IPB is proud to award Mrs Gomez the Sean Mc Bride Prize, for her invaluable contribution to the completion of the historic Treaty on the Prohibition of Nuclear Weapons, and salute the work and dedication of this young woman in a key disarmament process where too fewer women have the opportunity to lead.

MacBride Award 2019 for Bruce Kent

Bruce Kent

Bruce Kent is an internationally known peace activist and a “real peace hero” who, even in his 90th year, remains an active campaigner and organizer for peace and human rights. He was one of the main speakers at the big march and demonstration against nuclear weapons in London in 2016.

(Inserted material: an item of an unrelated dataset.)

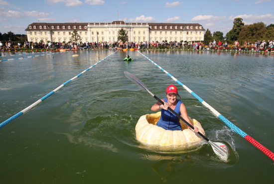 En esta competencia lo importantes y llamativo es la calabaza que se le abre un gran agujero por el que cabe una persona y se vacía completamente de forma que al vegetal solo le quede la cascara. Luego el valiente competidor entra en ella y lo que debe hacer es remar y dirigir la calabaza que aunque parezca sencillo, no lo es, ya que mantener el control es bastante complicado. Estas calabazas nunca obedecen a la dirección que les mandas ir, además tienes que mantenerlas lo suficientemente derechas como para que no se llenen de agua. Se comportan de forma caprichosa y constantemente te amenazan con volcarse. Los concursantes deben tener habilidades para nadar.

Bruce was ordained as a Catholic Priest in the Diocese of Westminster in London in 1958 and became a Chaplain to Pax Christi in from 1974-1977. He joined the Campaign for Nuclear Disarmament (CND) in 1960 and was elected chair from 1977-1979, becoming the General Secretary in 1979 for 6 years. He was elected CND Chair again from 1987-1990. He was also Chair of War on Want from 1974-1976 and was the British co-ordinator for the Hague Appeal for Peace in 1999. He is now a Vice-President of CND, Pax Christi and Movement for the Abolition of War (which he co-founded in 2001).

He was also one of the founders and main organizers of the European Nuclear Disarmament Campaign in the 1980s. He was also, in 1988, one of the main organizers of a 1000-mile peace walk from Warsaw to NATO HQ in Brussels to call for a united peaceful nuclear-free Europe.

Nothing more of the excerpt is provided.